Wow. I'm in the container freight industry, and while I am constantly hearing from my customers about downed production lines, xmas gonna be cancelled, person X has been waiting months for their grammy's chiffoniere to arrive from Europe, it's interesting to see the impact of the shipping industry on Joe Blow from the street, as it were. One of our biggest end customers is a very very large airplane manufacturer here in WA (rhymes with rowing) and they are shutting down production lines left and right due to the lack of machined parts from Asia. I've got containers at one Seattle port that have been there since August, buried in huge piles that they can't dig out from. Container ships are sitting out in the sound waiting days/weeks for a berth. In LA/Long Beach it's ten times worse. Our company also handles air freight, and that's getting impacted as well. Current consensus around the industry says that we won't get completely caught up until early 2023 given the way things are going now. I've been in this for 14 years now, been through a couple of longshore strikes and slowdowns, but have NEVER seen anything like this.
I saw on the news that Biden is trying to tell the ports that they have to start working 24/7 to try to relieve the congestion but that isn't the main problem, it's the lack of labor; not only longshore workers, but truck drivers, freight forwarders, customs brokers, and businesses like mine are all suffering because we can't find qualified employees.

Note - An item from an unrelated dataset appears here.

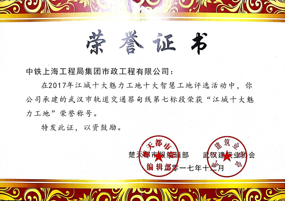 1月7日,江城“十大魅力工地”“十大智慧工地”頒獎(jiǎng)儀式在武漢市楚天傳媒大廈楚天會(huì)堂隆重舉行。由市政公司承建的武漢市軌道交通蔡甸線第七標(biāo)段項(xiàng)目喜獲“十大魅力工地”稱號(hào),這也是中鐵上海局自進(jìn)入武漢市場(chǎng)以來(lái)首次獲得該項(xiàng)榮譽(yù)。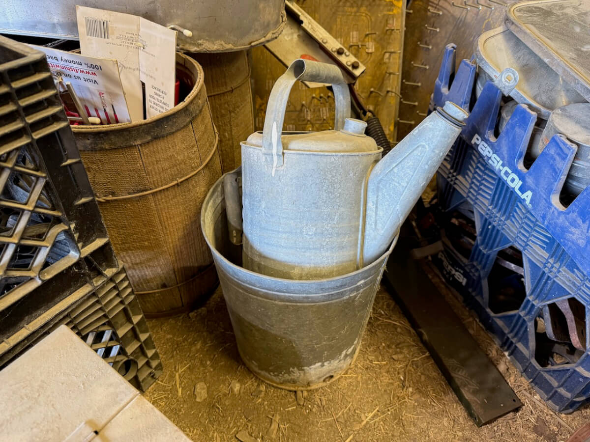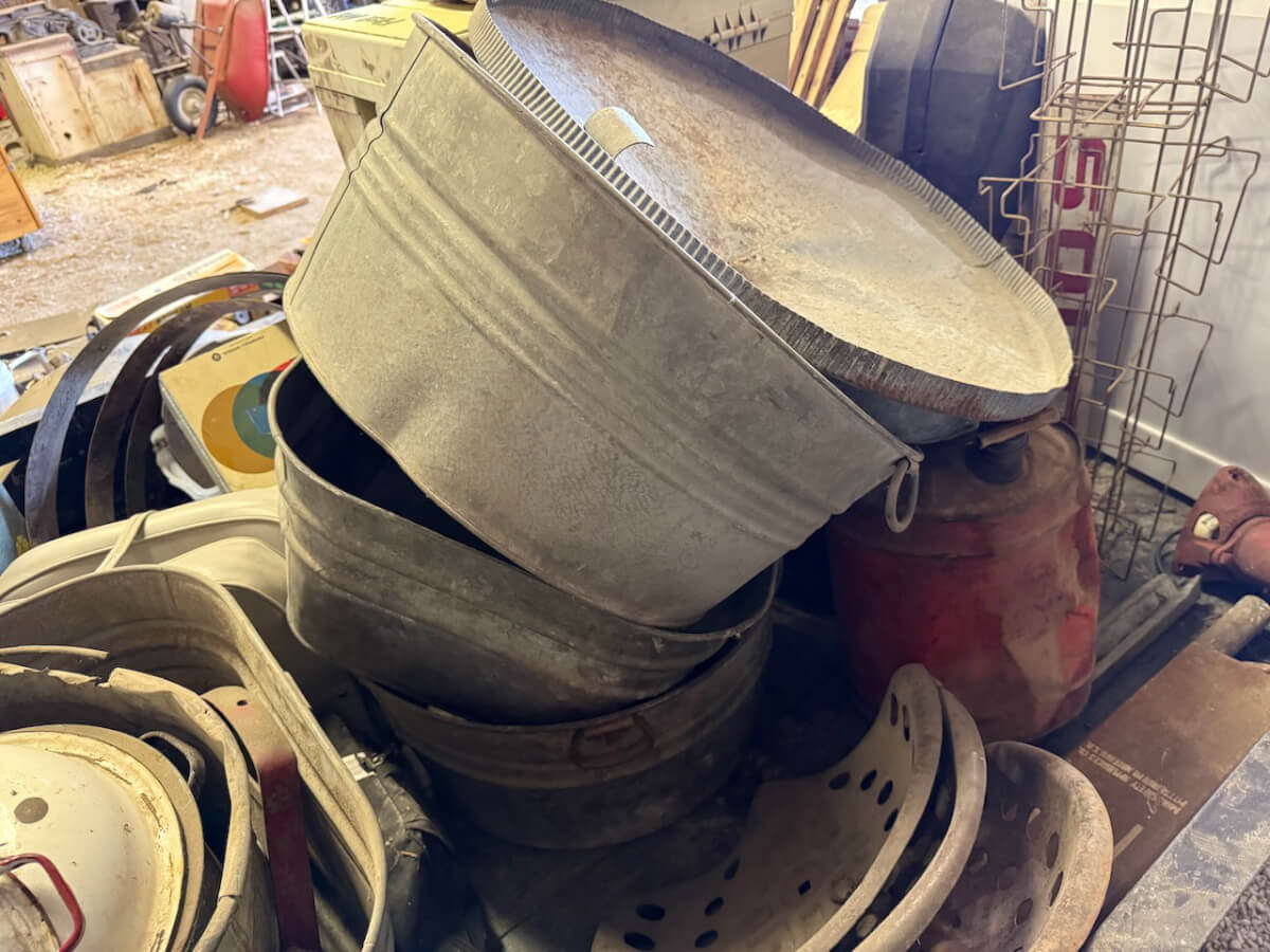 Buckets, Tubs, Cans & Granite Ware: Galvanized Watering Can. Galvanized Buckets. Several Galvanized Metal Tubs. Wash Tub. Several Pieces of Granite Ware. Metal Boiler. DX & Coop Gas Cans.

This is gonna be a TL;DR, but I'd like to share a bit of why the containers aren't getting out of the ports as quickly as they usually do, during "normal" times; it's something I have to explain at least 5 times a day to frustrated customers waiting on their freight. I'm sure you've all seen containers being hauled by trucks on the road, and sitting flat on the ground at a warehouse; well, in order to pick up a container from the port, you have to have a chassis. The ports do not supply them anymore; they are mostly owned by massive chassis leasing companies. No chassis, no container from the port. The majority of the leased chassis are currently sitting under empty containers we cannot return, because there is no room for them at the ports. The container ships are so delayed that by the time they finally get a berth, and unloaded of inbound loaded containers, the ports have to load them back up with loaded export containers going to Asia or other ports; and there's no room for the empties to go back. So the ports are buried in empty containers with nowhere to go, and they won't let us return the ones we have because no room. So the leased chassis, and the ones my company owns, sit idle under empties that we cannot return and pick up more loads. And if a loaded container isn't picked up within 5 days, then storage starts at a minimum of $150/day; conversely, if a an empty container is not returned to the port within about 5 days, we get hit with detention at about the same rate. Those costs are having to be absorbed by the shippers/consignees, and they will be passed on to us, the consumers, raising prices exponentially. On another note, with the lack of empty containers to stuff in Asia, shippers are overloading the containers well beyond legal limits; so when the trucker goes to pick them up, they have to use a special chassis with 3 or 4 axles to handle the weight. The ticket a driver can receive for hauling an overweight container without the correct number of axles can reach up to $3000.
So, once again TL;DR; there is currently no easy solution to the issue no matter what government entity gets involved.